2005年06月28日

不肖・宮嶋青春記 / 宮嶋茂樹 [読書日記]

不肖・宮嶋青春記不肖・宮嶋青春記
宮嶋茂樹

単行本, ワック, 2005/03

 宮嶋茂樹の『不肖・宮嶋青春記』を読み終える。不肖・宮嶋こと報道カメラマン宮嶋茂樹が、自らの少年時代から日芸写真学科、フライデー専属カメラマンを経てフリーになるまでの半生を語った一冊。

 紹介されているエピソードの大半は、既刊『不肖・宮嶋 踊る大取材線』とダブっている。それでいて、「語り下し」という設定のためか、文体は「です・ます」調になっていて、ファンにはお馴染みの宮嶋節はややトーン・ダウンしている。前作では取り上げられなかった話題もなくはないのだが、二段組で約400ページもあった前作に比べ、文章の量はかなり少なくなっていて、一つひとつのエピソードが大分あっさり扱われている印象を受ける。

 一方で、この本は「マスコミの学校」というシリーズの二冊目で、主にマスコミ志望の若者を対象にしていて、その所為かちょっと説教臭いところもある。だから、そういうのにありがたみを感じる読者はともかく、不肖・宮嶋ファンあるいは一般の読者には、『不肖・宮嶋 踊る大取材線』の方がずっと面白く、また読み応えもあるのではないかと思う。

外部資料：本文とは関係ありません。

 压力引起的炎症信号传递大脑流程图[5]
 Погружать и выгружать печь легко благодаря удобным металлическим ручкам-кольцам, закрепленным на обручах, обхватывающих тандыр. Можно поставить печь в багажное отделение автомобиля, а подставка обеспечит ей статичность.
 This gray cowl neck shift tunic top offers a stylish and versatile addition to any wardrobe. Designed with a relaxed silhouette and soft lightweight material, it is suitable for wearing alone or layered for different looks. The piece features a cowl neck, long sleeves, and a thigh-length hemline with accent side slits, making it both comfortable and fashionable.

 それにしても、「マスコミの学校」などと銘打ち、「編集者やライターを志す若者のために」などと謳っているシリーズが、こんなあからさまな既刊の焼き直し、しかもオリジナルの方がずっと面白いというのは、如何なものか…。

 今日は本を四冊買った。いずれも文庫本。まずは、例のケロロ軍曹のブックカバーをもらうため、角川文庫から『モーターサイクル・ダイアリーズ』。若き日のチェ・ゲバラの南米大陸縦断の旅の記録。

 二冊目は田辺聖子『文車日記』。日本の数々の古典作品を紹介した、古典の入門書的エッセイ。

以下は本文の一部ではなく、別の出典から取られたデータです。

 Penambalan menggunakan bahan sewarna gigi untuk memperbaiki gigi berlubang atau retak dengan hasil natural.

 三冊目は中野不二男『ココがわかると科学ニュースは面白い』。佐吉は元々技術屋だったくらいだから、さすがに数学や理科はさっぱり…ということはない。が、それだけにかえって、普段何気なく目にしている科学ニュースを、生半可に理解しているところもあるかもしれない。そう思って手に取った一冊。軽い読み物。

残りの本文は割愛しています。